Piegas, disse ele

Anabela Fino

A pes­por­rência dos go­ver­nantes por­tu­gueses pa­rece não ter li­mites. Então não é que de­pois de Ca­vaco Silva ter tido aquele de­sa­bafo ainda hoje a atroar pelo País de que os seus mó­dicos 10 mil euros men­sais, mais coisa menos coisa, não lhe chegam para as des­pesas, mesmo sendo ele e a sua cara me­tade um mo­delo de pou­pança, vem agora Passos Co­elho acusar os por­tu­gueses de serem «pi­egas», que é como quem diz pes­soas «ri­di­cu­la­mente sen­sí­veis ou as­sus­ta­diças», para não dizer mesmo «ri­dí­culas»?

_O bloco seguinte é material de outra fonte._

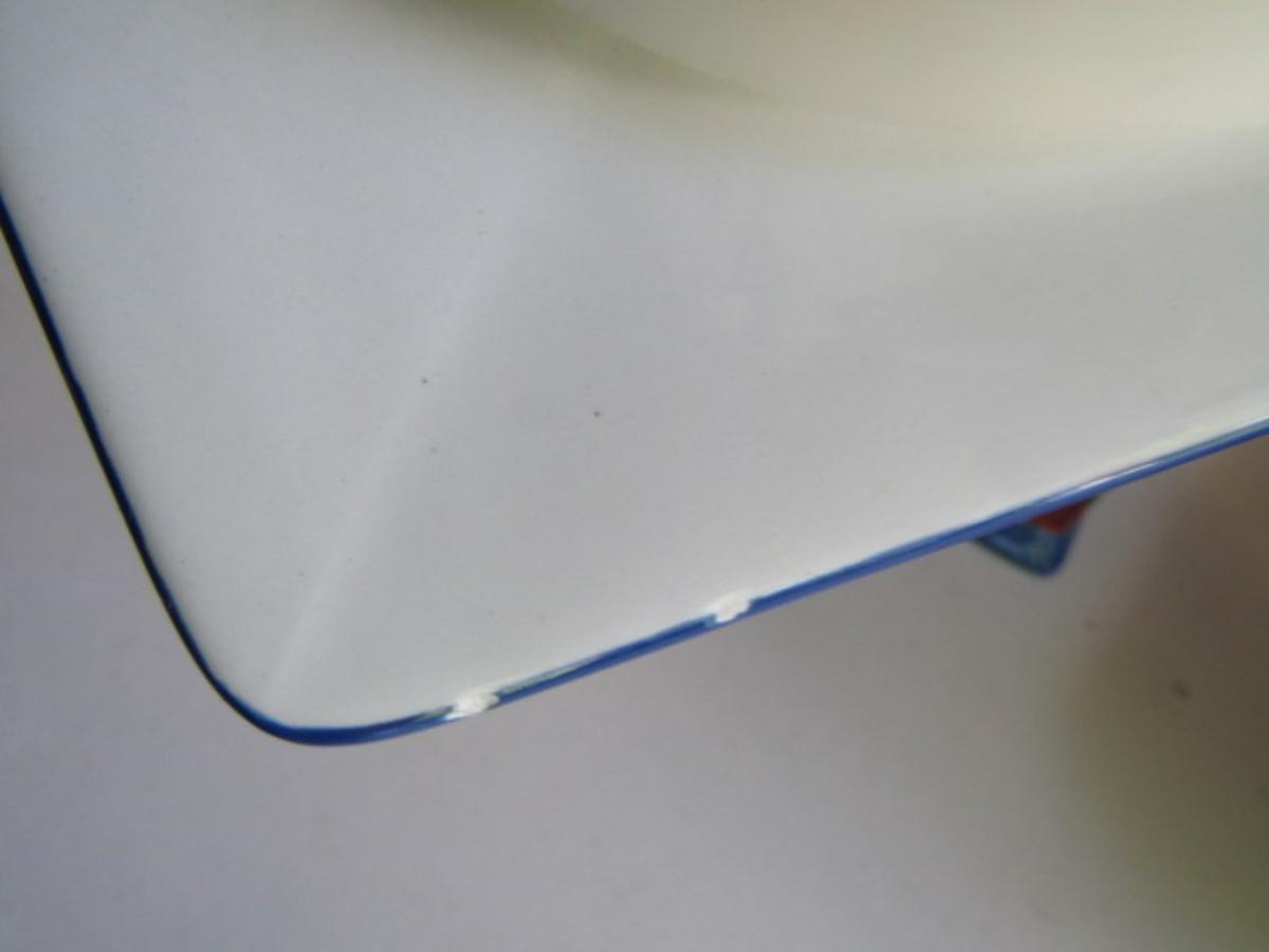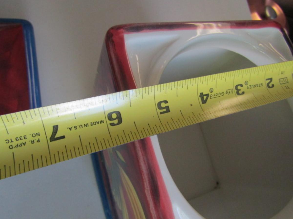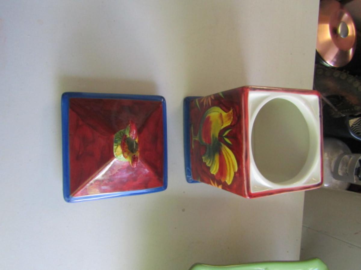 Hand Painted Ceramic Rooster Theme Canister. Please see all pictures- two small chips on underside of lid.

Rezam as cró­nicas que o caso se deu esta se­gunda-feira, lá para as bandas de Odi­velas, du­rante a vi­sita a um es­ta­be­le­ci­mento de en­sino. Que não foi aula de sa­pi­ência é coisa que se per­cebe à dis­tância. Mesmo com óculos, o chefe do Go­verno nem por en­gano pode ser con­fun­dido com um in­te­lec­tual. Mas dei­xando de lado os mo­tivos que le­varam Passos Co­elho a Odi­velas ocorre per­guntar que raio de go­ver­nante é este que de­pois de de­fender que o País tem de em­po­brecer para se de­sen­volver, de ter acon­se­lhado os jo­vens de­sem­pre­gados a sair da sua «zona de con­forto» e os menos jo­vens a vol­tarem à es­trada da emi­gração com um su­ce­dâneo da velha mala de cartão dos tempos da outra se­nhora, vem agora chamar «pi­egas» aos seus com­pa­tri­otas, acu­sando-os de pas­sa­distas, de se la­men­tarem com as me­didas que ele, Passos Co­elho, está a tomar e, cú­mulo dos cú­mulos, de es­tarem agar­rados a «ve­lhos com­por­ta­mentos muito pre­gui­çosos», em vez de lançar «mãos à obra».

O pri­meiro-mi­nistro foi mesmo ao ponto de apontar, como sím­bolo da in­di­gência na­ci­onal, o ale­gado facto de, no ano pas­sado, o País ter es­tado a apro­veitar «fe­ri­ados e pontes» en­quanto «quem nos em­pres­tava di­nheiro tra­ba­lhava».

Manda a ver­dade que se diga que as ma­ni­fes­ta­ções de en­fado de Passos Co­elho com os por­tu­gueses estão a tornar-se re­cor­rentes. Ainda no úl­timo de­bate quin­zenal no Par­la­mento con­si­derou «falta de ima­gi­nação» a per­sis­tência com que os co­mu­nistas in­sistem em falar no de­sem­prego, na de­gra­dação das con­di­ções de vida, no au­mentos bru­tais na saúde, nos trans­portes, na edu­cação, na venda ao es­tran­geiro de sec­tores es­tra­té­gicos da eco­nomia, no en­cer­ra­mento de em­presas, etc., etc., etc. Uma seca, pelos vistos, para quem – sem nunca ter tido ne­ces­si­dade de ar­re­gaçar as mangas – acha que um País com um mi­lhão de de­sem­pre­gados e mais de dois mi­lhões de po­bres se com­praz na pi­e­guice.

Mas talvez Passos Co­elho não saiba o que é ser pi­egas.

Se ser pi­egas é ter idosos com do­enças on­co­ló­gicas a des­maiar (e a morrer) de fome nos hos­pi­tais ou cri­anças a des­fa­lecer nas aulas por falta de ali­mento, então somos um País de pi­egas.

Se ser pi­egas é ter de es­co­lher entre a far­mácia e a mer­ce­aria, então somos um País de pi­egas.

Se ser pi­egas é ter mais de seis mil es­tu­dantes a aban­donar o En­sino Su­pe­rior, ou seja uma média de 100 alunos por dia a deixar de es­tudar, então somos um País de pi­egas.

Se ser pi­egas é ter mi­lhares da fa­mí­lias a ser des­pe­jadas das suas casas, então somos um País de pi­egas.

Se ser pi­egas é ter mi­lhões de tra­ba­lha­dores com sa­lá­rios de mi­séria, então somos um País de pi­egas.

Se ser pi­egas é re­jeitar a ex­plo­ração, então somos um País de pi­egas.

Se ser pi­egas é querer tra­balho com di­reitos, então somos um País de pi­egas.   

Se ser pi­egas é não ab­dicar da luta pela jus­tiça so­cial, então somos um País de pi­egas.

Por muito que isso in­co­mode todos os Passos que por cá passam. Mas eles passam. Mas eles passam.